Investor's Business Daily

By J. Bonasia
December 28, 2001

"Dot-Com Debacle Taught Some How Net Could Work For Them - Loss of big customer led Owens & Minor to build an extranet to share data "

Managers and investors are still picking up the pieces one year after the dot-com train wreck. But Internet companies and brick-and-mortar firms have drawn crucial lessons from the rubble.

The dumb concepts are gone. Pets.com expected to make money shipping cat litter nationwide.

These pioneers delivered a wake-up call to older firms that suddenly feared being left out.

Top firms now use the Internet to boost sales, speed internal processes and improve collaboration. The best ones have adopted Net strategies to gain an edge. Owens & Minor, a leading distributor of medical and surgical supplies, uses the Internet to share product data. Don Stoller, director of information management, says the Net may have even saved the 119-year-old company.

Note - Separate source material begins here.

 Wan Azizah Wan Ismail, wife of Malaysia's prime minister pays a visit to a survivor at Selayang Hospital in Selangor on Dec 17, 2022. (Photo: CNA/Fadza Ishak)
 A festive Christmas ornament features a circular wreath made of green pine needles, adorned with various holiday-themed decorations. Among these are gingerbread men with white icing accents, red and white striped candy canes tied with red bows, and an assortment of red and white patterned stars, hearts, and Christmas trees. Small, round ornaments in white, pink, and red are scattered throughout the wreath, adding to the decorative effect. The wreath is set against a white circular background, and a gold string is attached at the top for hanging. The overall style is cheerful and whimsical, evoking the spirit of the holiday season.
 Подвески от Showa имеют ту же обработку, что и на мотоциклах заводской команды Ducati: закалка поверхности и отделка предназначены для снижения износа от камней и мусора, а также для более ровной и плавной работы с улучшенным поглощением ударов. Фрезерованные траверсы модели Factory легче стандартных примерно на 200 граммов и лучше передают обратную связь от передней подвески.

"If we didn't adopt this new technology, we'd have fallen behind."

In 1998, Owens & Minor's largest client, Columbia/HCA Healthcare, canceled its contract. That cost O&M about $ 360 million in lost sales, or 12% of its total.

Wake-Up Call

Owens & Minor embarked on a plan to build a supply chain extranet to share product data online. The goal was to help customers and suppliers track inventory, costs and shipping times. That led them to negotiate better deals.

"You've got to have a technology infrastructure in place to be a survivor," Stoller said. "The Internet is a great vehicle."

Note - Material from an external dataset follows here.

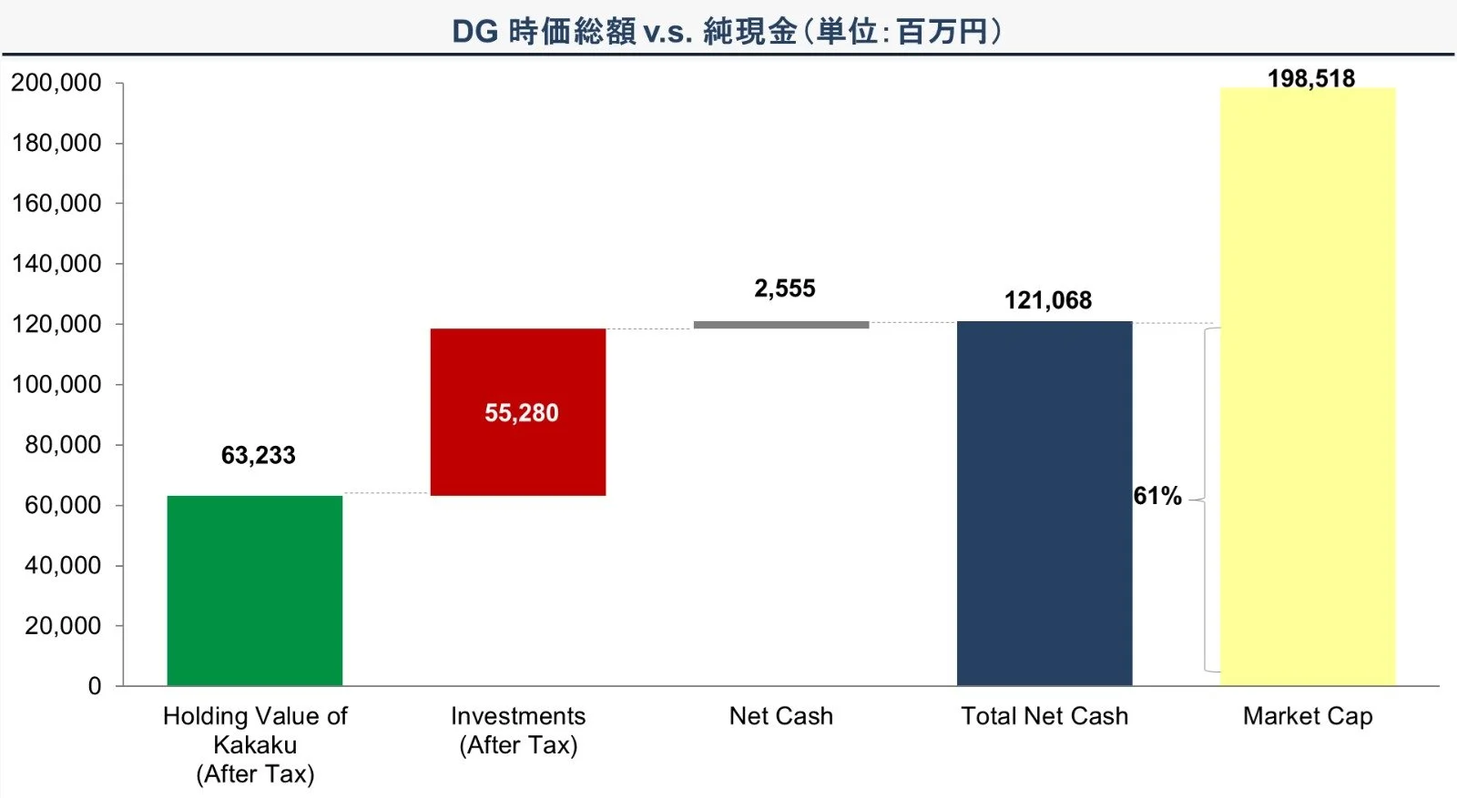 DGの有価証券を含む純現金は時価総額の61%に達している。一方で、株主としては保有資産が還元されるのか疑義があり、保有資産の価値はDGの株価に織り込まれていない。

Owens & Minor used software from Business Objects SA to let trading partners view product data over the Net. Such data had been locked up in mainframes.

"Before, they had to ask for a sales history report at the end of the month," Stoller said. "It's a lot more productive to just punch into the Net and get it."

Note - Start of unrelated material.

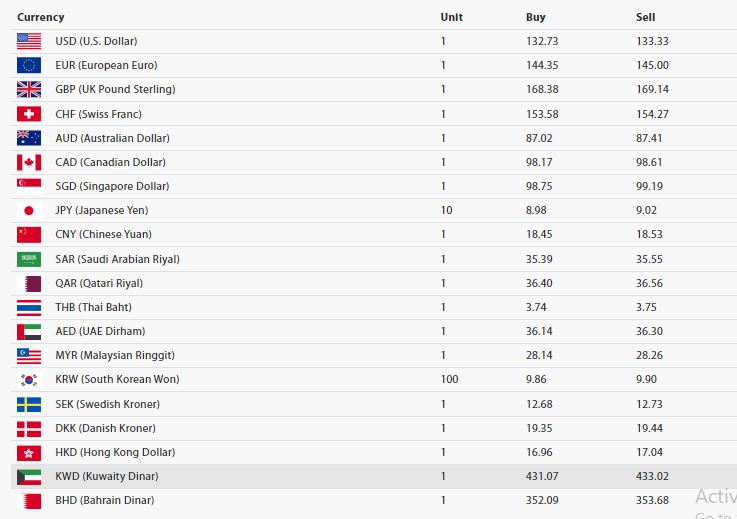 साथै, कुवेती दिनार एकको खरिददर ४३१ रूपैयाँ ०७ पैसा र बिक्रीदर ४३३ रूपैयाँ ०२ पैसा र बहराइन दिनार एकको खरिददर ३५२ रूपैयाँ ०९ पैसा र बिक्रीदर ३५३ रूपैयाँ ६८ पैसा तोकिएको राष्ट्र बैंकले जनाएको छ ।
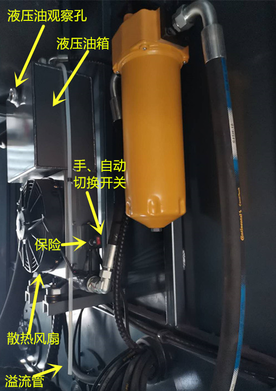 液壓油箱位于前倉內,配裝于前倉倉壁上,主要起到降溫散熱的作用。

The extranet has been a deal-clincher. Stoller says it's helped O&M land $ 100 million in new business the last three years. "A lot of deals came our way because of these tools," he said.

Cutting Overhead

Owens & Minor also deployed business intelligence software to cut inefficiency. It slashed 300,000 products to 140,000, and 2,000 suppliers to 1,400.

"By reducing our inventory investment, we can run leaner," Stoller said. "With fewer suppliers, we carry less weight."

Mattel's Web strategy evolved as it learned from its mistakes.

Mattel moved onto the Web by acquiring Pleasant Co. of Middleton, Wis., in 1998. That firm had a direct consumer business called American Girl, which sold educational dolls over the Web only.

Once Mattel absorbed American Girl, it rolled out similar e-commerce sites for Barbie, Hot Wheels and Fisher-Price. But Chief Information Officer Joe Eckroth says the headlong rush into direct sales was a mistake. "It doesn't make sense to spend $ 2 to ship a $ 10 Barbie doll," he said.

Mattel also found its Web sales caused too much friction with retail partners such as Wal-Mart, Target and Kmart. "Retailers got up in arms about competing with us on the Web," Eckroth said.

Now Mattel maintains branded Web sites to promote products. Consumer sales are made at the retailers' sites. This cuts Mattel's site costs and gives it access to new data about toy buying.

In addition, Mattel earns more shelf space on toy store floors by sending sales from its branded sites to retail partners.

"That's our reward," he said.

Mattel used software from Oracle to build a system for online order management and direct marketing. It also uses a homegrown warehouse management tool.

Like Owens & Minor, Mattel created an internal portal and an extranet to manage product data. Eckroth says the new mattel.com saved the company $ 500,000 on printing and communication costs since it launched in June.

Perhaps no pure dot-com has fared as well as auctioneer eBay Inc. Spokesman Kevin Pursglove says eBay was the first company to use the Internet to connect large groups of buyers and sellers. It generates $ 26 million in daily transactions among 37 million users.

EBay's unique model differed from most dot-coms. It taps the public's passion for swapping and collecting. It has no sales staff, inventory or warehouse.

"There is no land-based analog to eBay," Pursglove said.

Sellers pay 30 cents to $ 3.30 to post each item. Then eBay gets 1.25% to 5% on all final sales.

Lately the company has expanded beyond collectibles. It also directs sales from firms such as IBM and Home Depot. So far, large sellers make up just 5% of sales.

Pursglove says founder Pierre Omidyar and CEO Meg Whitman stuck to some basic rules.

"Expenditures don't grow faster than revenue. Every dollar invested must have $ 1 or more in return," he said. "The first wave of the Internet had a few successes and a large number of wipeouts, but it established the foundation," he said. "The future for the Internet is very bright indeed."